Will the hood be 9 ft in the air and the grill the size of a billboard to cosplay in the rugged macho lifestyle?
Only in the US market.
American ‘alfas’ are fragile.
Alfas are fragile the world over. Italian cars don’t have a reputation for being reliable.
Ambassador Andrei Lysenko: There is another matter… one I’m reluctant to…
Dr. Jeffrey Pelt: Please.
Ambassador Andrei Lysenko: One of our submarines, an Alfa, was last reported in the area of the Grand Banks. We have not heard from her for some time.
Dr. Jeffrey Pelt: Andrei, you’ve lost another submarine?
The spelling was intentional for that very reason.
2 years like EV solar trikes or flying cars?

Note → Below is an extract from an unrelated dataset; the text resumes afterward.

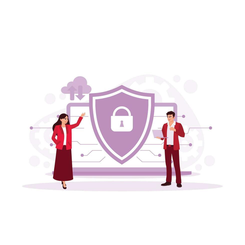 IT experts use laptops to store data and access privacy and cybernetics security services. Pro Vector

I hope it’s as good or better than the Maverick. The Maverick is incredibly compelling in most ways, minus the reliability and iffy build quality (I own one); it does truck things well enough. If they can market it more like a truck and less like a lifestyle vehicle (cough cough Santa Cruz), they will sell many. I hope they make one with some light offroad chops (slight lift, lockable diff) as something like that would be perfect for my use case.
I love the Maverick in almost every way but the tiny back seats make it a non-starter for us. If you have kids in car seats it’s a no-go, and unfortunately so is the Bronco Sport, which I also like. Hell most “mid sized” trucks can’t even fit car seats or adults in their back seats.
The packaging is just laughably bad because everyone is obsessed with making sure the trucks like MUSCULAR AND INTIMIDATING or whatever. Suffice to say…if Toyota gives it a real back seat it’ll be a runaway success, because I know I’m not the only person that would consider using the right small truck as an enthusiast dad car if it existed.
Interesting you say that. The Maverick works (just) for our case and 1 backwards carseat. The Maverick also has 2″ more rear seat legroom than a Ranger and 4″ more than the Tacoma.
I see “Two Years Away” in the headline and automatically assume it flies too….
I see “two years away” and assume that here in third world Yee Haw land we’ll all be mandated by the state to finance $70,000 body on frame behemoths by then….
Toyota absolutely dropped the ball with this one.
Eh, they’re doing fine. This will do great as soon as it comes out.
It’ll most likely be the rebirth of the Stout. Hopefully Toyota doesn’t make it too ugly like they did with the new Tundra, Tacoma, and 4Runner.
In all fairness, the stout from the early 70’s was pretty ugly compared to the Datsun, Ford, and Chevy offerings at the time.
https://static.carfromjapan.com/car_25675094-36c7-4831-b3c5-b35b018ed01f_640_0
I think it looks cool.
I’m glad you like it. My choices do not reign over all.